Hat der Plan Chancen?
Der österreichische Kanzler Sebastian Kurz meldete sofort Bedenken an, und zwar die, die Deutschland vor Kurzem ebenfalls vorbrachte: Kreditfinanziertes Geld dürfe nicht über Brüssel als Zuschuss verteilt werden, sondern höchstens ebenfalls als Kredit. Er kündigte einen Gegenentwurf mehrerer Länder zum deutschfranzösischen Plan an. „Wir glauben, dass es möglich ist, die europäische Wirtschaft anzukurbeln und dennoch eine Vergemeinschaftung der Schulden zu vermeiden“, sagte Kurz am Dienstag den „Oberösterreichischen Nachrichten“. Das Gegenpapier solle „in den nächsten Tagen“vorgelegt werden. Österreich sei in Abstimmung mit den Niederlanden, Dänemark und Schweden.
Das Echo aus den mutmaßlichen Empfängerländern wie Italien fiel freundlicher aus nach dem Motto: guter Ansatz, aber vielleicht zu wenig Geld.
Die osteuropäischen Kollegen bearbeitete Merkel am Dienstag in einer Telefonschalte.

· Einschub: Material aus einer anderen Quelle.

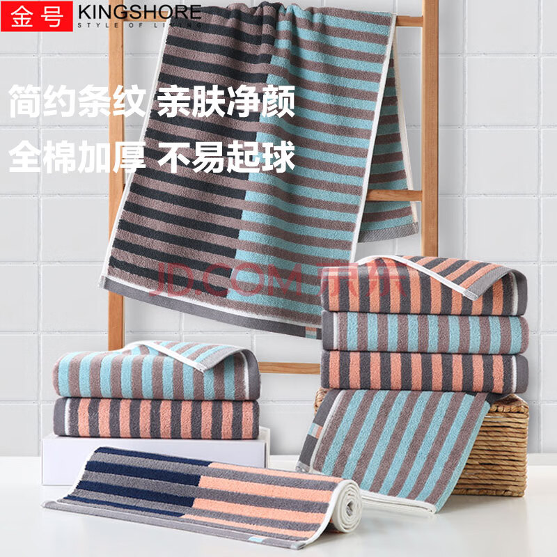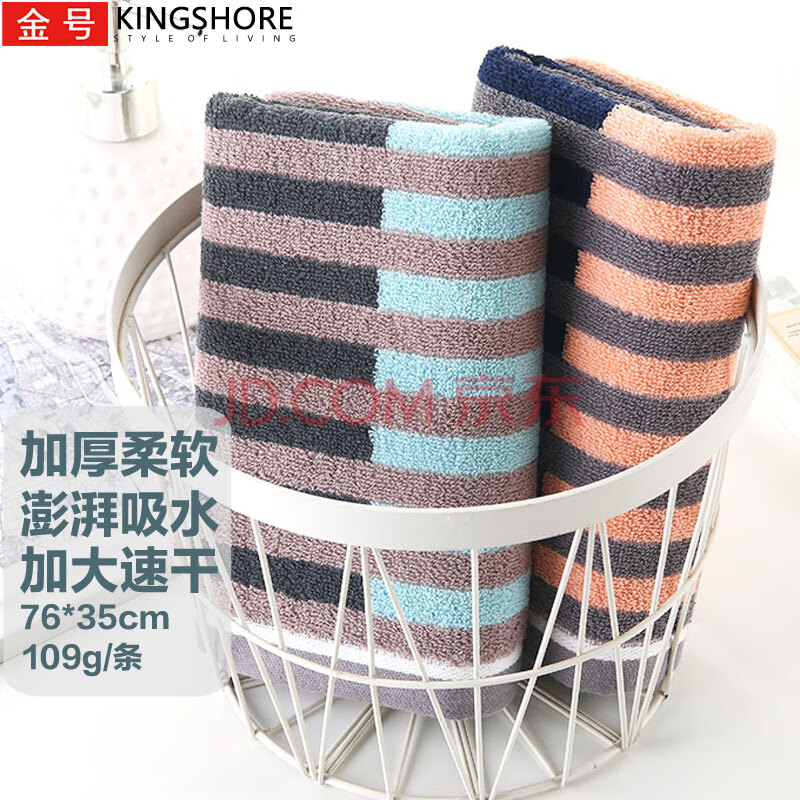 商品相册:金号纯棉毛巾2条装 加大加厚柔软强吸水面巾 红/绿 76*35cm 109g/条第
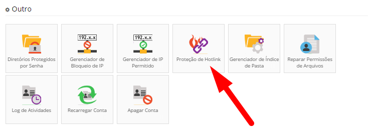 O recurso Proteção de Hotlink bloqueia outros sites e visitantes acessarem diretamente o link de arquivos e imagens em seu site. Para começar a proteger os recursos do seu site, vá até o painel de controle da sua conta de hospedagem e localize o menu Proteção do Hotlink.
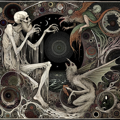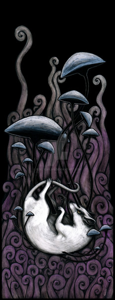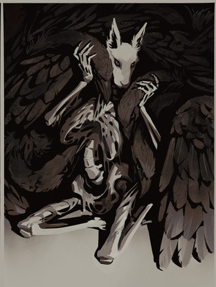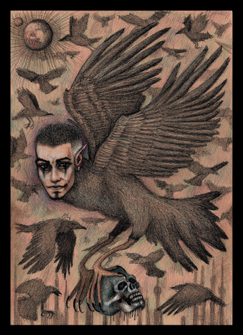 I used to have dreams of a eight winged skeletal raven man riding an eyeless unicorn. He referred to himself as "Death Himself", and he was such a powerful image that I crafted him into a tarot card.24x36 Scratchboard and Watercolor.
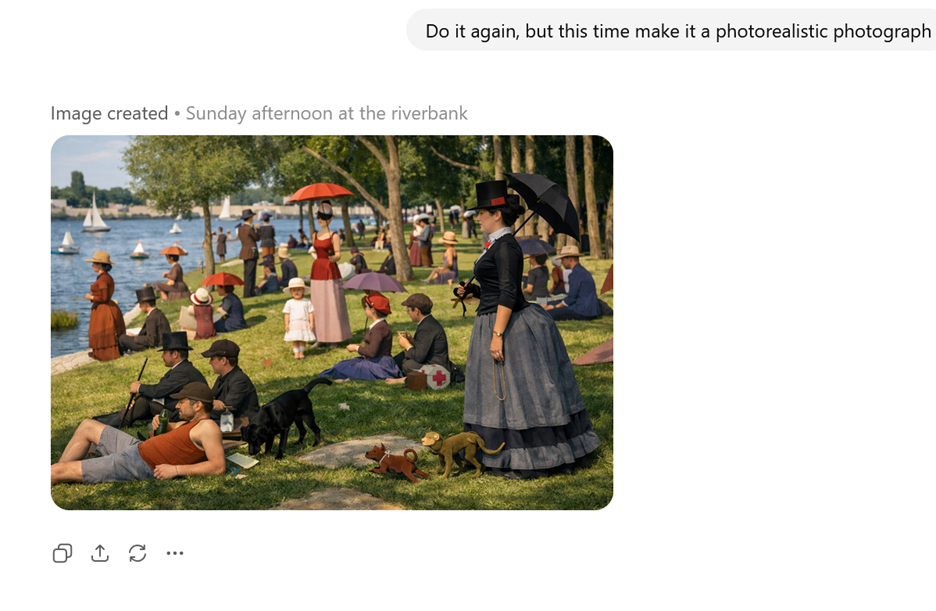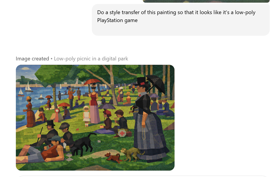 Another class of AI models are generative image models. Since quizbowl is mostly a written and spoken medium, these don’t have a ton of obvious use cases for quizbowl apart from small things like “make me a distinct icon for my Discord playtesting server.” However, there are some possibilities of employing these models in visual tournaments such as Eyes that Do Not See. For instance, you might use a combination of multi-modal and image gen models to do a proofreading / correction pass for text such as signatures or foreign language phrases (“identify the country”) that can be accidental giveaways. They also allow for more out-there ideas such as “do a style transfer of this painting” that might allow you to test for knowledge of the composition of a painting for an artist whose style is super distinct such as Pointillist Georges Seurat:
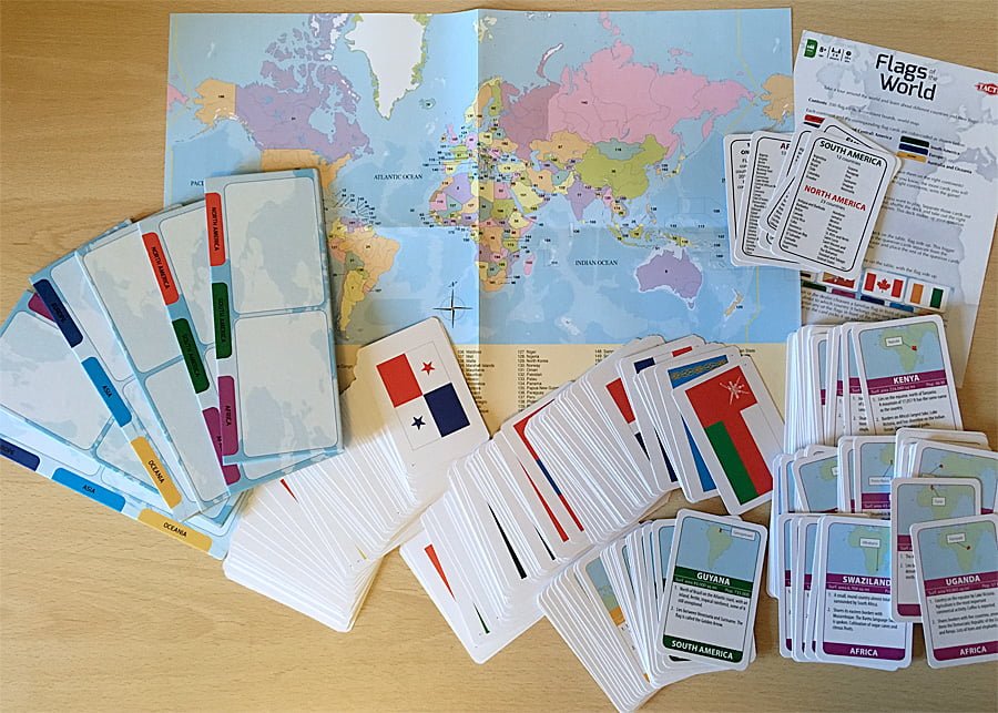 I played the games with my nine-year-old son who is just over the recommended age of eight plus, but he found both games very difficult, simply because he hasn’t learned enough about the world yet. Saying that, my husband and I also found both games difficult. Sure, it’s easy enough to recognize the flags of the United States of America or the United Kingdom, but would you honestly be able to identify the flags of Micronesia, Liechtenstein, Armenia, or Burundi at a glance? Me neither. Of course, this is exactly what the game is here to teach, and with regular play, there’s absolutely no doubt your knowledge will improve. You’ll probably just find it frustrating to begin with.

Ihnen dürfte gefallen, dass die 500 Milliarden Euro über zwei oder drei Jahre verteilt auf den normalen EU-Haushalt draufgesattelt werden sollen, statt Hilfsgelder etwa durch Kürzungen bei Agrar- oder Strukturfonds freizubekommen. Klar ist: Der deutsch-französische Plan ist nur ein Ausgangspunkt, offiziell wartet man nun auf den Vorschlag der EU-Kommission am 27. Mai.
Bleibt es ein einmaliger Vorgang – oder droht ein Dammbruch?
Merkel nannte das Paket eine „außergewöhnliche, einmalige Kraftanstrengung“. Aber ob der neue Ansatz für Gemeinschaftsschulden tatsächlich einmalig bleibt, kann heute niemand sagen. Denn Merkel sagte am Montagabend auch klar, was sie nun schon ein paarmal angedeutet hat: Sie will mehr Europa, und der deutsch-französische Plan ist eine Art Grundstein. Bei der ohnehin geplanten Zukunftskonferenz müsse man darüber ernsthaft sprechen. „Das kann auch Vertragsveränderungen einschließen; das kann ein sehr viel engeres Zusammenrücken einschließen“, sagte die Kanzlerin.
Wird der Bundestag zustimmen?
Die Finanzexperten der Unionsfraktion haben sich in einer ersten Reaktion grundsätzlich positiv geäußert, ebenso SPD, Grüne und Linkspartei. Die AfD dürfte dagegen sein. Doch wie der Bundestag im Herbst oder Winter abstimmt, wird davon abhängen, wie das Paket nach den anstehenden Brüsseler Verhandlungen tatsächlich aussieht.